志村けんと岡村隆史——「アイーン」をめぐるふたりの絆(ラリー遠田)


アイーンがつないだ志村と岡村の絆

「アイーン」は志村という芸人のキャリアにおいても重要な役目を果たすことになった。というのも、岡村が積極的に「アイーン」をやり始めた90年代中盤は、志村の人気に陰りが見えた時代だったからだ。

1996年ごろ、世間で突然「志村けん死亡説」が流れたことがあった。「栃木県の県立がんセンターでがんで亡くなった」「四十九日が過ぎるまで遺族の意向で伏せられている」といった妙にディティールがはっきりした噂話が広まり、テレビ局や新聞社にまで問い合わせが殺到した。最終的には、事態を収束させるために本人自らワイドショーに出演して、健在をアピールすることになった。

一説によると、世田谷区の小学生の間でまことしやかに囁かれていた噂話が、彼らの保護者を通して大人の間でも広まり、いつの間にか騒動が全国レベルに拡大していったのだという。

根も葉もないバカバカしい噂だが、広まったのにはそれなりの理由があった。そのころ、志村はちょっとした低迷期を迎えていたのだ。フジテレビでは『志村けんのだいじょうぶだぁ』以来、ゴールデンタイムで志村の冠番組が何度かタイトルを変えてつづいていた。ところが、1996年にはそれが終了し、時間帯を深夜に移すことになっていた。

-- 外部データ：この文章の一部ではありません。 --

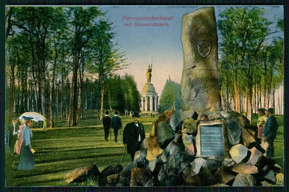 AK Detmold Lippe Teutoburger Wald Hermannsdenkmal mit Bismarckstein um 1910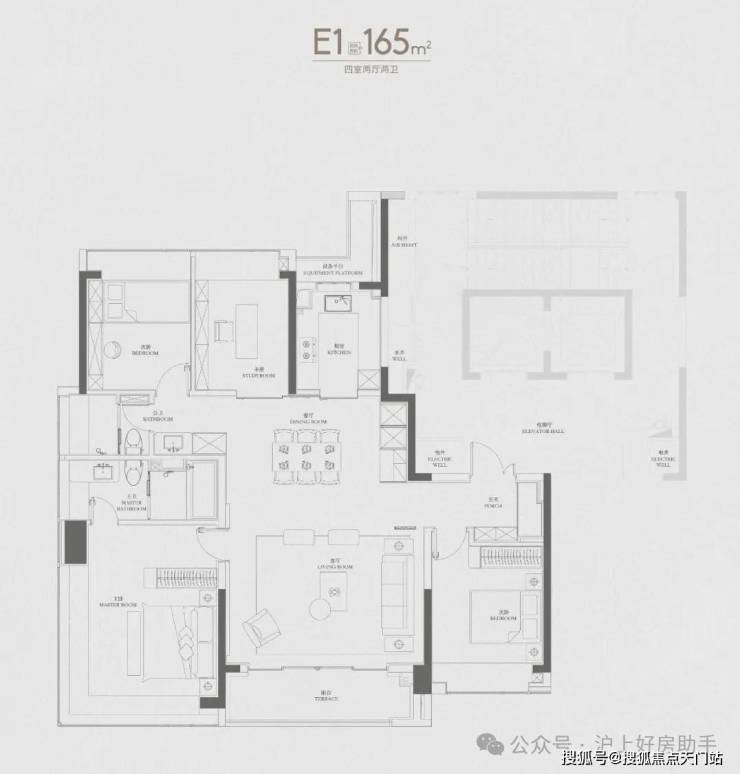 来到165㎡个户型,已经上升到上海主流的大户型改善面积段,但看设计思路,可以看出是为满足多胎家庭成长而服务的。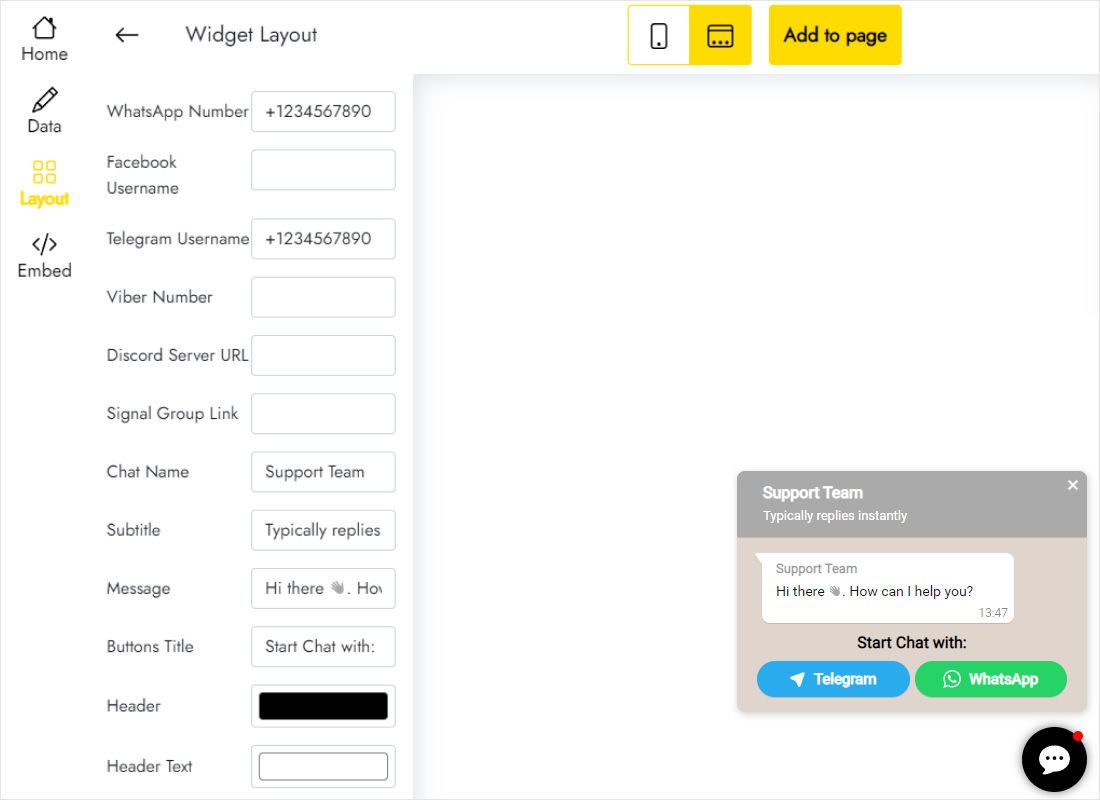 When your widget is ready, click on the Embed button. The code you see is ready to be added to the code of your page. Place it where you want to see your Popup Chat and save to see the result.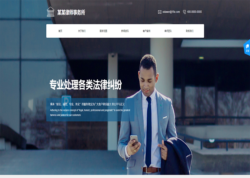 模板名稱:(帶手機(jī)版數(shù)據(jù)同步)自適應(yīng)法律律師類通用網(wǎng)站模板

志村はもともと自分とドリフの冠番組以外にはほとんど出ていなかったため、これによって一般的な小学生が志村をテレビで見る機会がほとんどなくなってしまった。死亡説が出てきた背景には「そういえば最近、志村ってテレビに出ていないよな」という彼らの素朴な実感があった。

私の見立てでは、そんな志村を窮地から救ったのが「アイーン」だった。岡村がこれを流行らせたことで、時代遅れと見られていた志村の笑いにスポットが当たり、志村は「今をときめくナイナイの岡村が心からリスペクトする芸人」として、新しい世代の若者にも認知されるようになった。ここで志村は持ち直し、その後は『天才!志村どうぶつ園』などのコント以外のバラエティ番組にも出るようになり、万人に愛されるお笑いタレントとしての地位を不動のものにした。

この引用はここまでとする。